Savaş Koç, bugünkü duruşmada verdiği ifadesinde kendisini vuran Fırat Sucuğ ve yanındaki kuzenin de akrabaları olduğunu söyleyerek, "İşe giderken beni aradı ve Alper'i sordu, evine götürmemi istedi. Ben de bunu kabul etmedim. 'Ben Alper'i vuracağım' dedi. O sırada ben iş yerine gittim. Çay aldım, içeri girdim. O sırada iki kişi geliyor bunlar. Kapının önünde benim üzerime geldiler. O sırada Fırat, belinden silahı çıkardı ve bana doğrulttu. İki sefer tetiğe bastı; ama ateş almadı. Sonra Fırat silahını düzeltmişti.

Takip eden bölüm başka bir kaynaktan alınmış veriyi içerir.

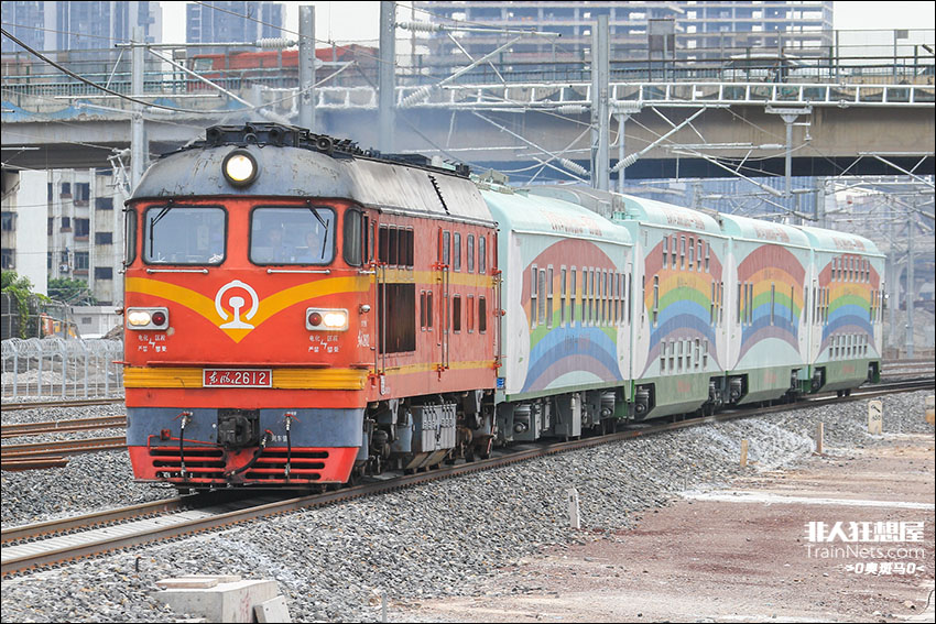 2023年10月11日。广东广州。DF4B-2612牵引健康快车57118次驶过小坪立交桥,列车将经由京广线-广珠货线-广茂线前往广东阳江。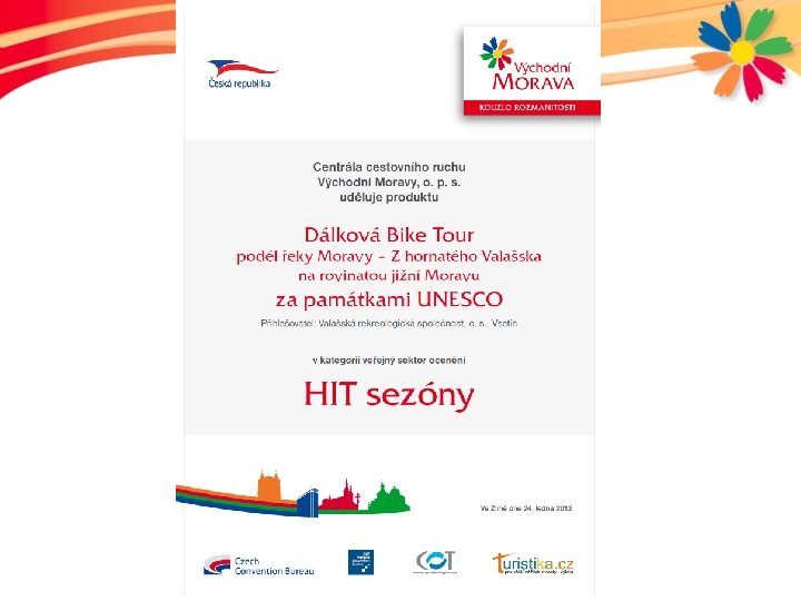 Vítězný HIT sezony • Dálková Bike Tour podél řeky Moravy– z hornatého Valašska na rovinatou jižní Moravu za památkami UNESCO • Valašská rekreologická společnost, o. s. • Kateřina Sobotková, Pavla Vostrejžová • Dálková Bike tour je několikadenní přejezd valašských hor a středního Pomoraví s dojezdem do krásného Lednicko-Valtického areálu, památky UNESCO. • Celková délka trasy je ve variantách od 190 do 300 km. Alternativně jsou trasy vedeny po cyklostezkách (trekingové kolo) či terénem po značených cyklotrasách (horské kolo).

O sırada ben can havliyle kendimi korumaya çalışıyordum. En sonunda beni vurdu. Tekrar bir daha beni öldürmesin diye ben ölü numarası yaptım, hareketsiz durdum. Ama her şeyi duyuyordum. Yani ben adaletin şu an için yerini bulmasını istiyorum. Hak ettikleri cezayı almalarını istiyorum. Şans eseri yaşıyorum şu an. O kurşun bir santim daha içeri girse şu an ayakta olmayabilirdim" dedi.
Savaş Koç'un avukatı Ali Erdem Gündoğan ise "Müvekkilin başına hedef alarak ateş ediyor. Kurşun beyine çok fazla zarar vermeden beyin tasının orada kalıyor. Müvekkil yere düşerken her şeyin farkında ve diyor ki 'Ben o anda olayların hepsini görüyordum; fakat tekrar bana ateş etmesinler' düşüncesiyle hareketsiz kalıyor, ölü taklidi yapıyor. Daha sonra bu şahıslar yakalanıyor. Müvekkil bunların kendilerini öldürme kastıyla geldiklerini söylüyor. Aslında müvekkil başkasının yerine kendini feda etmiştir. Yani o şahsın adresini vermiş olsaydı, o şahsı vuracaklardı. Adresi vermediği için müvekkili vuruyorlar" diye konuştu.
Sanığın tutukluğunun devamına karar veren mahkeme, eksikliklerin giderilmesi için davayı erteledi.